Layered over the database engine are the applications that will operate on data in the database. The applications should be sufficiently complete that only database population need occur once the systems are delivered to the site. This means metadata is known and fixed. Similarly, user screens are complete and ready to work out of the box. Process control systems that use configurable graphical user interfaces are a convenience and a luxury if uniquely configured for each site.

Common graphical user interface screens with generic capabilities from site to site offer greater economy to create and less cost to support. Where graphical screens are being leveraged across multiple sites, there is usually sufficient economy created by the leveraging approach to produce higher-quality graphics. The quality of the delivered applications should rise with leveraging.

Ideally, applications can be made operational quickly once hardware and system-level software are operational. A factory acceptance test should be performed where the complete system is staged, integrated, and checked out before rollout.

CONCLUSION

There are organizational implications in any effort to leverage software effectively.

Leveraged software development and support requires the cooperation of multiple sites beginning with the initial phases of the process.

It is also appropriate to point out that the business model for leveraging software, reviewed in this chapter, implies fewer contributors to the effort. The need to have a different system integrator provide development or application programming per site is diminished, if not eliminated. The leveraged application work group is likely to find that the applications can be made operational with a small dedicated team systematically moving from site to site.

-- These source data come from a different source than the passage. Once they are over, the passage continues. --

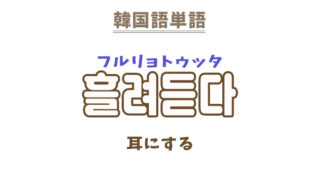 単語・慣用句 韓国語【얻어듣다】を覚える! makumaku 2023年1月22日 / 2023年4月21日 얻어듣다オドトゥッタ 人づてに聞く〔動詞〕 一緒に覚える! 【얻다】:貰う〔動詞〕 Contents 【얻어듣다】の解説【얻어듣다:人づてに聞く】【얻어듣다:人づてに聞く】の類義語【얻어듣다:人づてに聞く】の慣用句【얻어듣다:人づてに聞く】を使った例文【얻어듣다】の解説 【얻어듣다】の日本語訳。 人づてに聞く、小耳に挟む、聞き込む 【얻어듣다:人づてに聞く】 【얻어듣다:人づてに聞く】の類義語 흘려듣다:耳にする〔動詞〕 【얻어듣다:人づてに聞く】の慣用句 얻어들은 풍월 ⇒拾い聞きした知識/耳学問 【얻어듣다:人づてに聞く】を使った例文 動詞
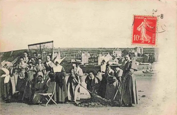 14057952 Arromanches-les-Bains 14 Calvados A la plage postalisch gelaufen Erhaltung siehe scans [FriedD77] carte postale Frie Katcode 11170014114021
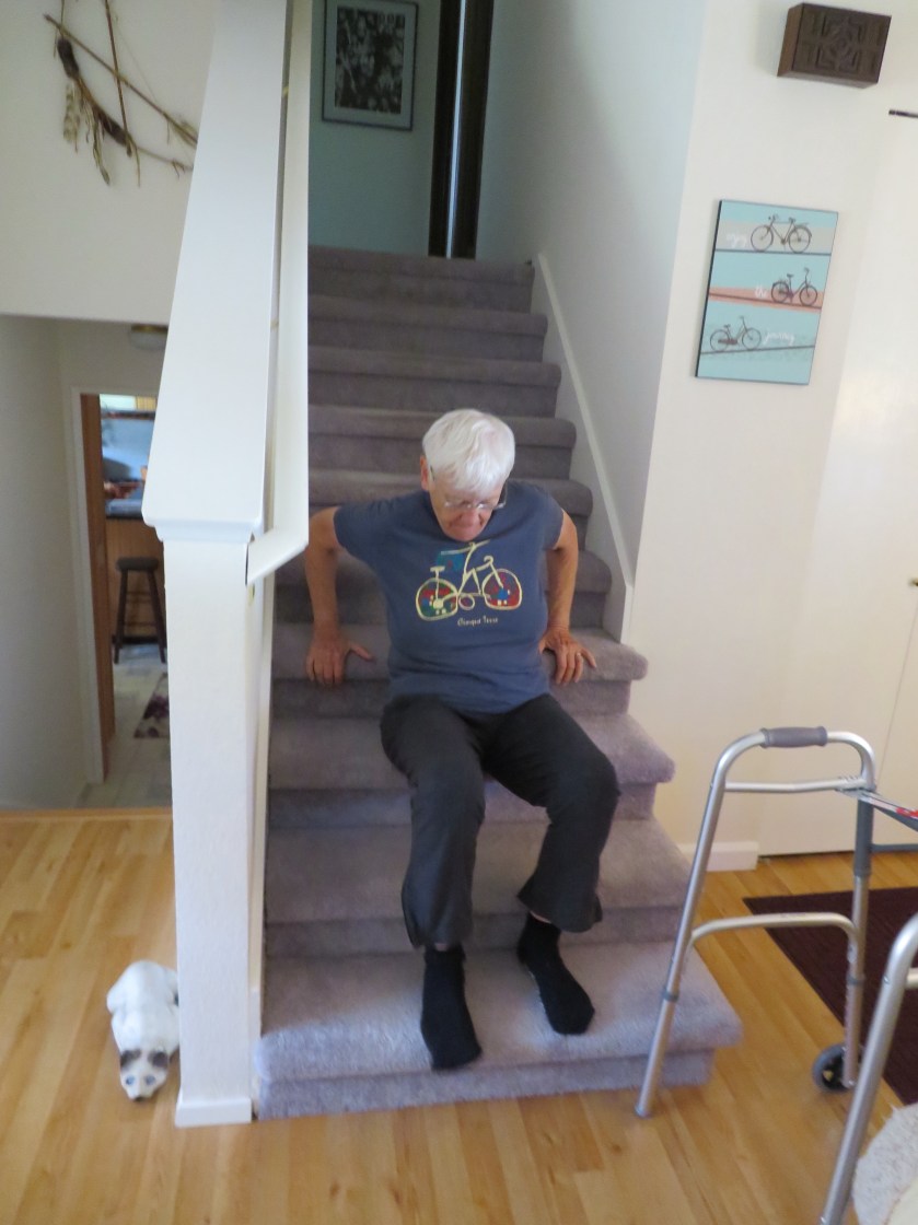 And this time I made it up and down the stairs with only standby as I scooted on my butt the whole way with no problem. I could not even consider doing that this past Tuesday, so I guess progress is actually happening.
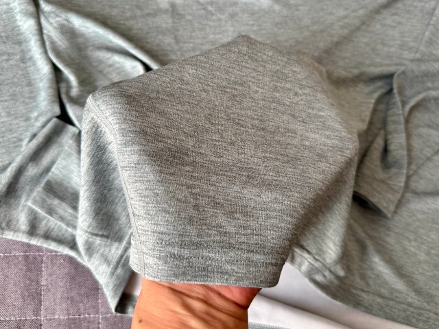 私が購入したのは「グレー杢のLLサイズ」。肌に当たることでヒンヤリするため、全体的にサイズはちょっと小さめかも。体型が気になる方は1サイズ大きいものを選ぶと良いかもしれない。
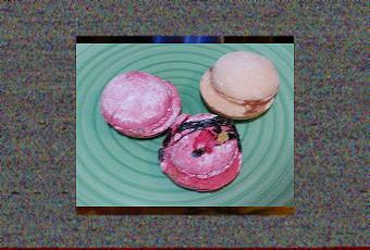 150 g de claras 75 g de azúcar 200 g de azúcar glas 140 g de almendra molida unas gotas de colorante rojo Relleno: 250 g de mermelada de frambuesa 2 cucharadas de agua de rosas Opcional: sirope de caramelo o de chocolate para decorar. Preparación: Primero batimos las claras y el colorante rojo con varillas, añadimos el azúcar normal y seguir batiendo hasta obtener un merengue liso y brillante. Mezclamos el azúcar glas con las almendras. A continuación añadimos el merengue dejando que se baje un poco. Una vez hecho esto, preparamos pequeños montoncitos sobre papel para horno y lo introducimos en él a 180°C durante 10 minutos. Ahora preparamos el relleno: Primero mezclamos la mermelada con el agua de rosas. Una vez preparada la mezcla, cogemos los macarrons pegándolos de dos en dos con el relleno que hemos preparado. Listos para acompañar un buen té con leche.

Chapter 37: Managing Legacy Assets

Christopher Slee

Malcolm Slovin

OVERVIEW

To discuss the legacy issue is to raise fundamental questions about how the Information Systems (IS) organization optimizes the use of information technology (IT) in the business. Instead of viewing legacy applications in purely technological terms, managers must look at the processes that generated these applications in such a way to make them problematic. This shift in perspective requires that legacy issues be understood within a larger business context.